Blog: February 2013

Most of these posts were originally posted somewhere else and link to the originals. While this blog is not set up for comments, the original locations generally are, and I welcome comments there. Sorry for the inconvenience.

Why participate in the Biblical Hermeneutics site?

Biblical Hermeneutics is a site on the Stack Exchange network. Its founders said it was intended as a scholarly, not religious, site for Q&A about the bible -- the focus would be on hermeneutics and showing your work, not on theological claims. A year and a half in, somebody asked how people of different religions can participate -- since there can only be one right answer to each question (this person said), how can you be pluralistic? The person asked if the site is viable. I wrote the following answer, now deleted.

Thank you for asking this important question. I share your concern about viability, but for reasons almost opposite of yours. I am one of those on record as believing that the only way a site that wants to be religiously-diverse can succeed is to avoid assertions of Truth while providing information. It is possible to describe an interpretation without asserting doctrine by following just a few simple rules (taken from Wikipedia):

  • Avoid stating opinions as facts. (For us, this means recognizing that what you hold as Truth is, to someone else, an opinion. We all need to be mature enough to be willing to do that. Reasonable people can disagree.)
  • Avoid stating seriously contested assertions as facts. (Almost all interpretive assertions are seriously contested.)
  • Avoid presenting uncontested factual assertions as mere opinion.
  • Prefer nonjudgmental language.

You have strongly-held beliefs and Truths. So do I. So do the moderators. So does everybody here. They will never all be the same. But that doesn't mean we can't learn from each other; it just means we have to treat this as a Q&A site that strives to provide supported answers, not as yet another Internet opinion forum or a congregational assembly hall. Think of Biblical Hermeneutics not as your clergy, who will set you on the Right Path, but as Consumer Reports, which will present information about a bunch of different options and leave it to you to decide what to do based on your own individual circumstances.

If we fail to do that, however -- if we as a community accept evangelism, unsupported assertions of Truth, and opinions in the form of answers -- then we should shut this site down as a bad fit for the Stack Exchange network. In that case it would work better over on Yahoo Answers or some place like that. I now realize that even reducing it to "Christian Hermeneutics" probably wouldn't solve the problem, given the issues raised in the question here; y'all don't agree with each other either.

So to answer the question in your title -- why should one participate here? I participate here to learn and share with a diverse community, without judgmentalism, without accusation, and with a degree of rigor that I can't get by hanging out at Starbucks or my congregation's study hall and chatting with folks. But I find myself participating here less than I once did precisely because we have not, after more than a year, made enough progress on dealing with these matters, and as a non-Christian I am feeling like my input doesn't matter. (In the original there were a bunch of links to specific instances here.) And no, it does not particularly matter that I am currently #3 in reputation for the site; that just means that I've been willing to put in the effort to provide supported, non-opinion (non-Truth-asserting) answers despite the doctrine in other answers.

Put another way: I know in my heart that most of the other participants here are Wrong. But that isn't my problem; that's between them and God. I'm here to study text. Can you be here for that reason too?


Ultimately this failed; the site accepted an abundance of opinion (belief, doctrine, dogma) stated as fact, making for a hostile environment.

Salvage

A few days ago Dani told me that his company, for no particularly-obvious reason, was replacing all their office chairs, with the old ones to be hauled away...somewhere. Some of his coworkers, noting that their current chairs were in fine shape, asked if they could salvage them. The powers that be said ok, anything with a "reserved" sign on it wouldn't be hauled away.

A few minutes after telling me this he asked "do you want to have brunch Sunday at (a downtown restaurant)?". Sure, I said. A moment later I asked "are we fetching office furniture?" Why yes, he said.
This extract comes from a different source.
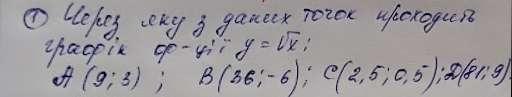 Через точку С(2,5;0.5) не проходит, так как 0,5≠√2,5.
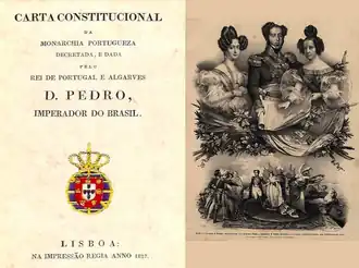 La couronne de Portugal est alors donnée à l'aînée de ses enfants, l'infante Maria da Gloria en 1826, tandis que la couronne brésilienne est destinée après lui à son unique fils Pierre (le futur Pierre II du Brésil), né en 1825. Afin d'éviter des troubles, l'empereur du Brésil fiance sa fille, qui n'a que sept ans, à son plus proche héritier : son frère cadet l'infant Michel, âgé de 23 ans. Cependant l'infant Michel prône des valeurs conservatrices, alors que l'empereur du Brésil se veut libéral. L'infant Michel détrône sa nièce deux ans plus tard (leurs fiançailles étant par la suite annulées)[1] et se proclame roi de Portugal à sa place, sous le nom de Michel Ier, en juin 1828.

So um, I said, if they were likely to have any spares... "I reserved two", he said. Nice.

So I have now upgraded my desk chair (not my computer chair, which is different), finally deprecating the desk chair I obtained from the Perq Systems fire sale for, I think, a dollar. Dani's company isn't dead, so I have hopes that this chair will do at least as well as its predecessor.

(I'm actually very particular about my computer chair(s), in contrast. When I started with my current employer I spent one day with my assigned chair and then went out and bought my own (which, to pass muster with the furniture police, had to match color). All our chairs have stickers on them with their designated locations (because sometimes people "borrow" chairs for meetings and aren't so good about returning them); mine has an additional sticker, "property of (me)", and has never been absconded with.)

Mishpatim

One of the things I find a little challenging when interacting with Christians -- quite aside from matters of doctrine -- is the expectation of free-form prayer. When I went to an inter-faith gathering and the leader asked me if I would lead us in a prayer before the meeting, I was stumped and declined. I once read about a Jewish student doing a clinical internship (hospital visits, etc), and a Baptist patient asked her to kneel down on the floor and pray with her -- a befuddling experience for the student. I understand fixed prayer and I understand prayer around a framework, but I don't really understand this. What am I supposed to say? It's too uncertain, too free for me; I feel the burden of creativity.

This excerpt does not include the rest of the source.